Judaism & TV

          Imagine driving down the road and seeing a bumper sticker on the car in front reading

          “I have a TV-free home: I want slim kids!”

          That could foreseeably happen in the wake of a new scientific study on the effects of TV. Many of you might have heard the media stories that researchers at New Zealand’s University of Otago looked at how much TV children aged five to 15 watched.

          The International Journal of Obesity study found the 41% who were overweight or obese by the age of 26 were those who had watched most TV.

          They warned then that adults who had watched a lot of TV as children were more likely to go on to be overweight, to smoke and to have high cholesterol.

          The truth is there have been numerous studies over the past decades chronicling the negative effects of TV. Just one example: a study published in the Readers Digest magazine several years ago showed that people who watched TV were generally more aggressive. Significantly more wives whose husbands had watched ‘action’ programmes reported their husbands treating them more aggressively and roughly than those whose husbands had not watched those programmes.

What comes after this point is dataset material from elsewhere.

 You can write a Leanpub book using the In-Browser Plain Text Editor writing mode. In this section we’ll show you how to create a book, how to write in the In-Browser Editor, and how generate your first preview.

          Despite this one often hears the question ‘what’s the Jewish view of TV?’ Well this is also is quite straightforward. Most if not all ‘serious’ authorities are against it on the grounds that if ‘you are what you eat’; you will certainly be influenced by what you see. Since much of what’s on TV is not exactly wholesome, spiritual or even vaguely educational, such a visual ‘diet’ is simply bad for the soul – and Jews need to have healthy souls (non-Jews do as well – but let’s first try and convince the Jews!)

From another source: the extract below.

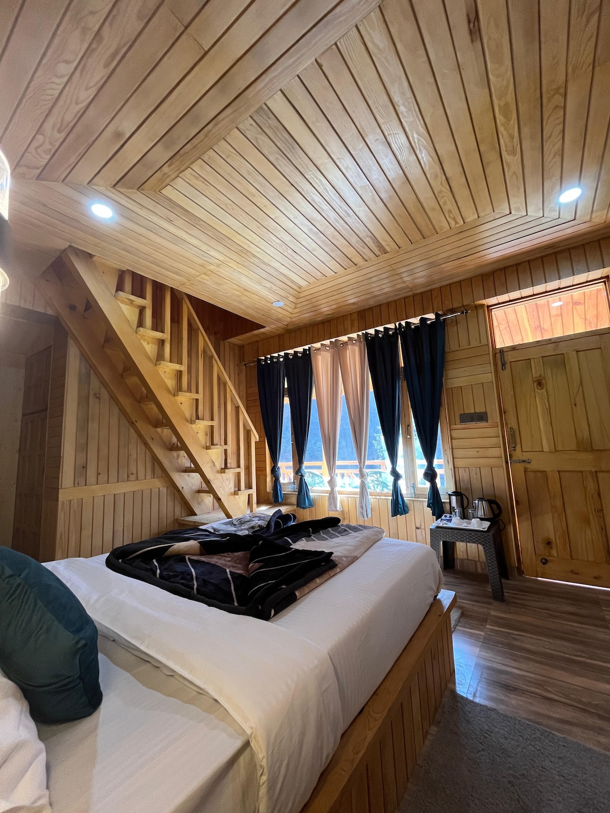 🏡 Embrace mountain tranquility at Rubaroo - a place where you'll love to be ❤️ Unwind in our spacious wooden cottage featuring a plush king-size bed and a unique L-shaped balcony with dual entry points. Located on the first floor of our mountain villa, your room offers the sunrise views alongside distant peaks. Experience the perfect blend of rustic charm and comfort. Enjoy home-cooked meals, starlit nights ✨, and genuine mountain hospitality in our serene village near Jibhi 🌄

          Now the usual retort to the above goes a bit like this: “what about the ‘good programmes’ like the News, current affairs and Nature programmes.” My answer is simple: “what’s so ‘good’ about the News. Most of what is reported on the News is sad, bad or both and many News programmes simply manufacture crises in an attempt to keep viewers riveted to their seats. The relentless parade of crime, disease, death, conflict and warfare etc. tends to demoralize rather than inspire. We start to feel as though our ‘small’ good deeds and words are ultimately irrelevant in the grand scale of all the world’s troubles.

          Including good, heroic, and inspiring things that go on in the world is just too much like hard work for journalists and reporters who find it far easier to phone police stations, mortuaries and hospitals to get some juicy ‘news’ stories.

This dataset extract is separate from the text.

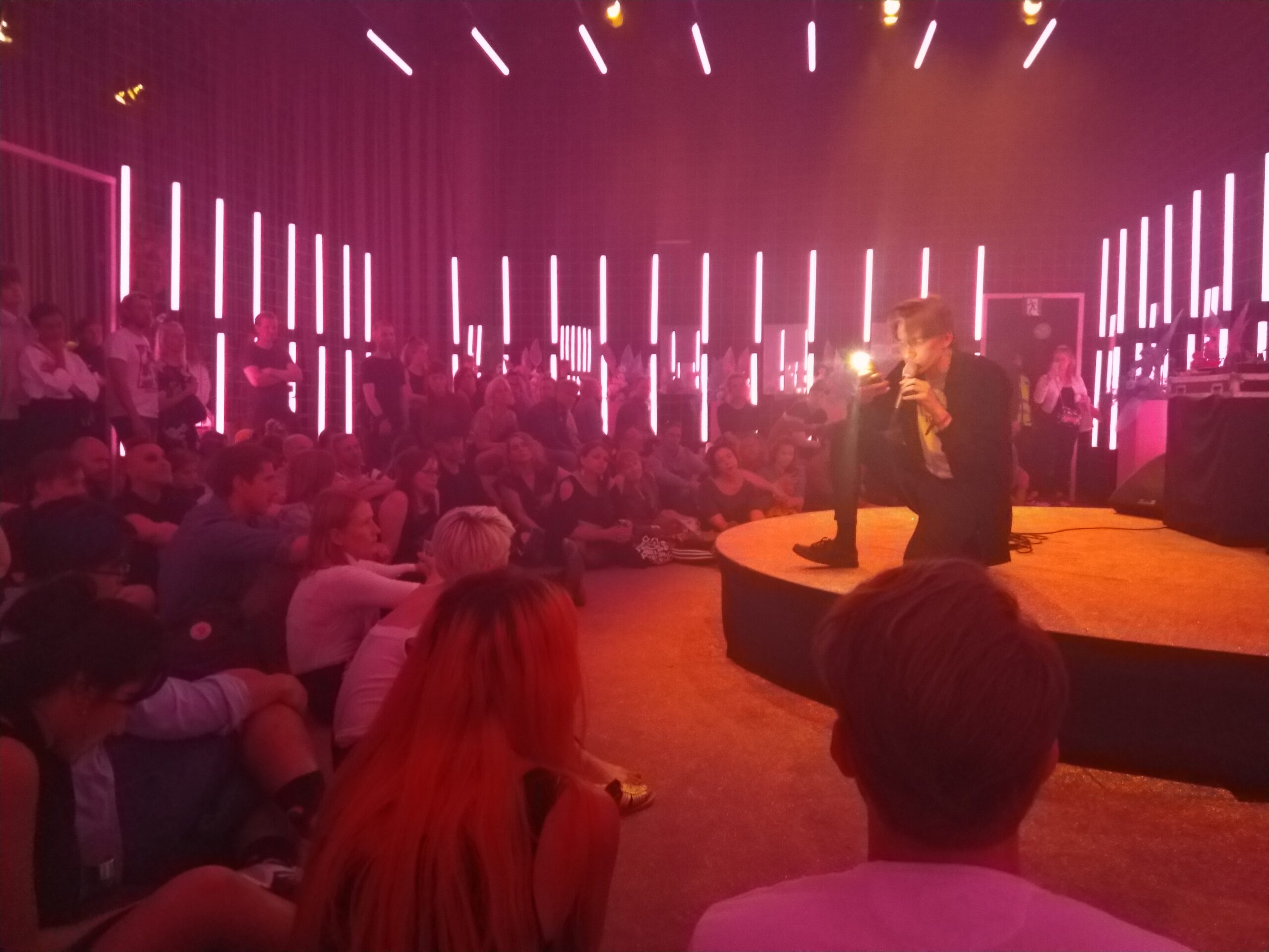 Minun on helpompi asettua tällaiseen yhteisille inhon kohteille ja ahdistuksille rakentuvaan yhteisöllisyyden tunteeseen kuin ulkona vallitsevaan näennäisen osallistavaan ilonpitoon. Kun astun Hallikaisen esityksen jälkeen takaisin festivaalihumuun, kaikki näyttää orastavan dystooppiselta. Väistelen ihmisiä kuin lopunaikojen heinäsirkkoja. Vetäydyn pressi-loungeen, jossa on illan tullen sytytetty jonkinlainen lasiputkeen vangittu nuotio.

          As for ‘nature programmes, I’ll admit some are pretty interesting (I remember them from my childhood). But if we are honest we should acknowledge that the number of such programmes compared to the mass of drivel and banal rubbish (not to mention immodesty and violence, etc) on TV is a bit like a drop of milk in a whole pot of chicken soup. The soup is still chicken soup because the amount of milk is insignificantly small. In our case looking at the whole TV ‘pot’ as it were, a little bit of nature programming doesn’t make it kosher – it’s just too insignificant. [Nowadays you can easily pick up nature videos/DVDs so you don’t need the TV even for that!]

          If we want our children to able to influence the ‘streets’ and the world outside for the better when they grow up, then we need to make sure we insulate them from those ‘streets’ when they are young and impressionable. It is then that we need to surround their bodies and souls with good and holy experiences.